The break out above the ‘flag’ happened with a ‘gap’ – which makes the break out a strong and valid one. So, the rally is likely to continue despite the overbought condition. The MACD is positive and above its signal line, but the histogram has reduced in height - correcting the overbought situation a little. The ROC is showing negative divergence by failing to reach a new high and slipping below its 10 day MA. Both the RSI and the slow stochastic are well inside their overbought zones, and can stay there a while longer.
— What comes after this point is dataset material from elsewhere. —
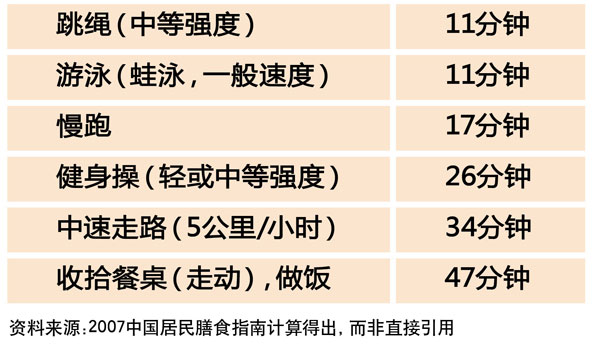 美國肥胖防治的權(quán)威專家,曾任美國國家衛(wèi)生署預(yù)防及治療肥胖特遣小組成員的約翰·弗爾特教授說:肥胖與否的關(guān)鍵是在于我們攝入能量總量和通過運(yùn)動(dòng)消耗的能量總量是否平衡所決定的。保持體重最簡單的辦法就是:吃動(dòng)平衡,通過運(yùn)動(dòng)將攝入的能量消耗出去。一個(gè)70公斤左右的成年人,中速走路34分鐘,或是花11分鐘跳繩或者中速蛙泳,即可消耗掉大約一罐330毫升可口可樂的能量。

If you are holding from lower levels, don’t sell off in a hurry. Maintain trailing stop-losses and ride the bull. If you have missed the rally, don’t jump in now. At some point, there should be a decent 5-10% correction. Enter then.
NSE Nifty 50 index chart
The 4 weeks long consolidation within a symmetrical triangle on the 1 year weekly bar chart pattern of the Nifty was followed by an upward break out on increased volumes. The volumes kept rising even further as the index climbed past the 50 week EMA and the blue down trend line. Strong volume support validates upward break outs.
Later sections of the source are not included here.